In 1807, for example, a British fleet forced its way into the Sea of Marmara to threaten the Ottoman capital but then had to retreat through the Dardanelles Straits where ancient artillery pieces dating from the 15th century had meanwhile been strenghened by 306 cannon, 16 mortars and thousands of additional troops under the technical guidance of men from the French and Spanish embassies. The result was a *close - run thing* for the Royal Navy.



Здравейте. Помогнете ми моля с този израз. Никога не съм го срещал преди и ми е тотално неясен. Надявам се че тука все някой ще е в състояние да ми окаже компетентна помощ. Мерси предварително.


----------



## texpert

It's a risky business, риск, опасност..

съгласен?


----------



## Masis

Thanks. Maybe you are right. I do not know. I have not got a idiomatic dictionary. Otherwise I would translate this easy.


----------



## Transatlantic

OK, so _close-run_ means "close" in the sense of "decided by a very narrow margin". 

For example, if a candidate wins 51% of a vote and the other one wins 49%, you could call this a close-run race, i.e. a victory by the narrowest of margins. 

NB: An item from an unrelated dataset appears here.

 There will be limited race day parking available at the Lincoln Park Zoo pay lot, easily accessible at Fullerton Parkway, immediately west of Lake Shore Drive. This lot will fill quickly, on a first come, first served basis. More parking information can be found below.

Another idiom with a similar meaning is "to win by the skin of your teeth". Another similar expression is "to squeak through". 

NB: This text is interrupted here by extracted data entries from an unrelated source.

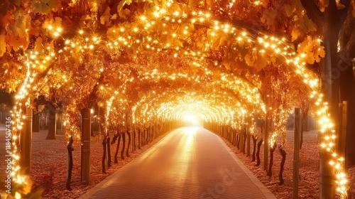 Autumnal pathway, illuminated by warm lights, creating magical tunnel
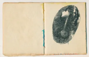 tusz pióro, akwarela, gwasz, papier, bibułka, 12 x 10 cm
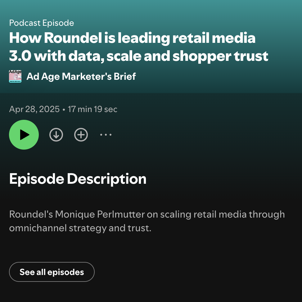 This episode explores how Target’s Roundel is evolving retail media beyond basic on-site ads into a full-funnel, data-driven ecosystem. The conversation unpacks how first-party data, measurement rigor, and shopper trust intersect—and why scale alone isn’t enough without transparency and performance accountability. Positioned at the inflection point of retail media’s next phase, the discussion offers a clear view into how legacy retailers are redefining what “modern” media networks look like.
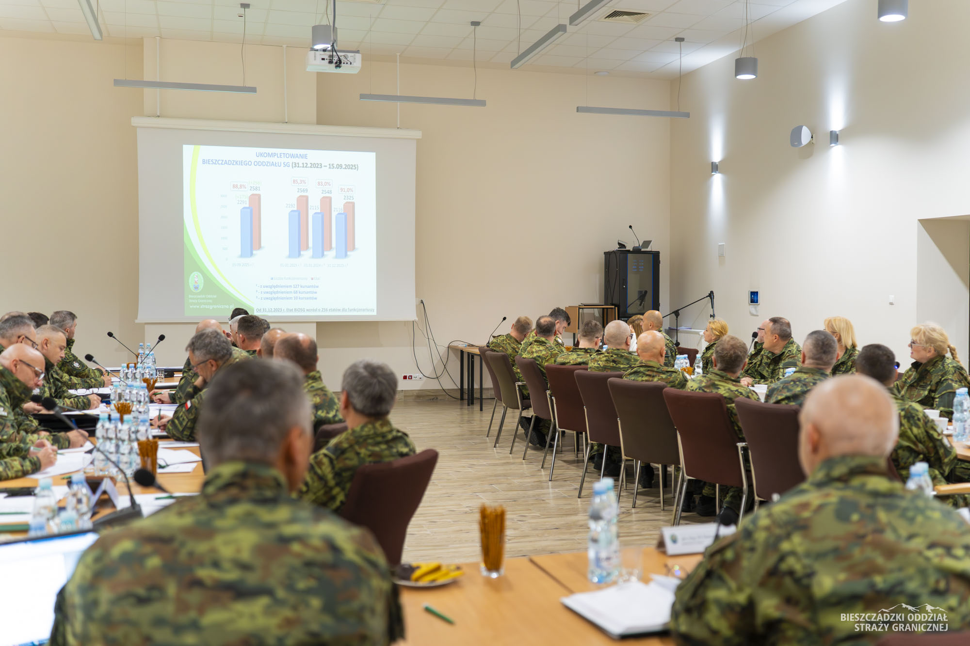 Komendant Bieszczadzkiego Oddziału SG przedstawił m.in. zagadnienia dotyczące ochrony granicy państwowej i sytuacji migracyjnej na ochranianym odcinku, a także podsumował efekty działań oddziału w roku bieżącym.

The opposite (at least when talking about elections) would be "winning by a landslide" (e.g. 70% to 30%) or "achieving a landslide victory". 

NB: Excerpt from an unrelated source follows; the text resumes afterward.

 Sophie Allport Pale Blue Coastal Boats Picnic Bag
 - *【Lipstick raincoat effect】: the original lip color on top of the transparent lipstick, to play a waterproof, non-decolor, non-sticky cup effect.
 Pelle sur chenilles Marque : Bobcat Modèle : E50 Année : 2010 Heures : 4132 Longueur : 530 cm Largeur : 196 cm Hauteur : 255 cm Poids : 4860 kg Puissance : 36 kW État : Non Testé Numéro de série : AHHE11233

When talking about fighting, the opposite of "a close-run thing" would be "a decisive victory". "A decisive victory" would be "одлучна победа" in Serbian (maybe the Bulgarian word is similar?), but I am afraid I don't remember how to say "a close-run thing". Maybe something like "с тешком муком/једва/с великим напором су победили/победише". I don't know...

I hope this helps.


----------



## Masis

Thanks a lot. На български ние казваме победа или каквото и да е там на косъм. We say victory or something else with difference from a hair. For instance we say This is avoid on hair. This maybe is like your example skin of teeth. This sound very strange on Bulgarian as maybe the bulgarian expression sound strange on English.


----------



## Transatlantic

Oh, I believe Serbian has the expression "победити за длаку", which, translated literally, means "win by a hair".


----------



## Masis

Thanks a lot. So you know serbian. That is interesting.


----------



## Transatlantic

You're welcome!

As for my knowing Serbo-Croatian: No major mystery. It's one of my two strongest languages, though my English seems to have a bit of an edge on it these days


----------



## Masis

Thanks. Can you explain me what means ( seems to have a bit of an edge ? It is from last letter here. This is an idiom maybe and I can not understand what exatly you want to say.


----------



## Transatlantic

edge = advantage (here). So, it meant my English is better these days.


----------